Assertion Reason Chapter 4 Principles of Inheritance and Variation

Questions of Assertion Reason Chapter 4 Principles of Inheritance and Variation biology CBSE Class 12 are very simple to understand as this chapter deals with Principles of Inheritance and Variation means reproduction in humans which every student is very much familiar with. To solve assertion reason type questions of biology, deeper understanding of concept about Principles of Inheritance and Variation is required. In order to help the student in solving Assertion Reason type of questions, detailed process is explained.

How to solve Assertion Reason Type Questions?
In Assertion-Reason type of question, two statements are given, first is Assertion and second is called Reason. Student must have to think critically about both the statements in Assertion Reason Questions, since it combines multiple choice questions and true/false type of questions which requires a higher level of understanding.

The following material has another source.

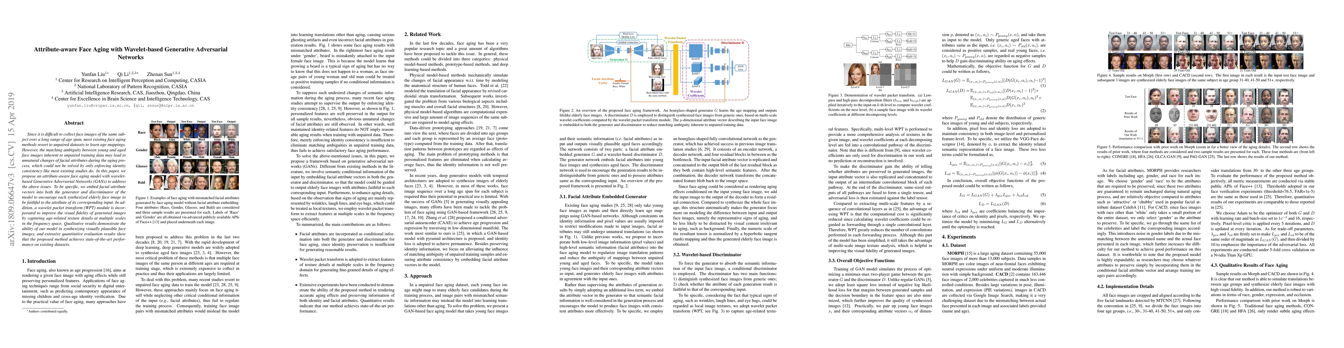 This paper proposes an attribute-aware face aging model using wavelet-based GANs that embeds facial attribute vectors to ensure generated aged faces maintain corresponding attributes. A wavelet packet transform module enhances visual fidelity by capturing age-related details, achieving state-of-the-art performance on aging datasets.

How many types are there of Assertion Reason Type Questions?
Assertion-Reason type of questions can be asked either with four MCQ options or with five MCQ options. First four options are same in both the cases only one more options is being provided i.e. last one. One extra option increases the difficulty level of the questions.

In assertion reason type of questions, all 4 or 5 options are same for each question, which are as:

(a) Both assertion (A) and reason (R) are true and reason (R) is the correct explanation of assertion (A).
(b) Both assertion (A) and reason (R) are true but reason (R) is not the correct explanation of assertion (A).
(c) Assertion (A) is true but reason (R) is false.
(d) Assertion (A) is false but reason (R) is true.
(e) Both Assertion and Reason are false.

Then a question haunts in every student’s mind, which option is correct and when?
This can be understood clearly with the following table:

Assertion (A)Reason (R)MCQ Options (Fixed for all questions)
If TrueTrue(a) Both assertion (A) and reason (R) are true and reason (R) is the correct explanation of assertion (A).
If TrueTrue(b) Both assertion (A) and reason (R) are true but reason (R) is not the correct explanation of assertion (A).
If TrueFalse(c) Assertion (A) is true but reason (R) is false.
If FalseTrue(d) Assertion (A) is false but reason (R) is true.
If FalseFalse(e) Both Assertion and Reason are false.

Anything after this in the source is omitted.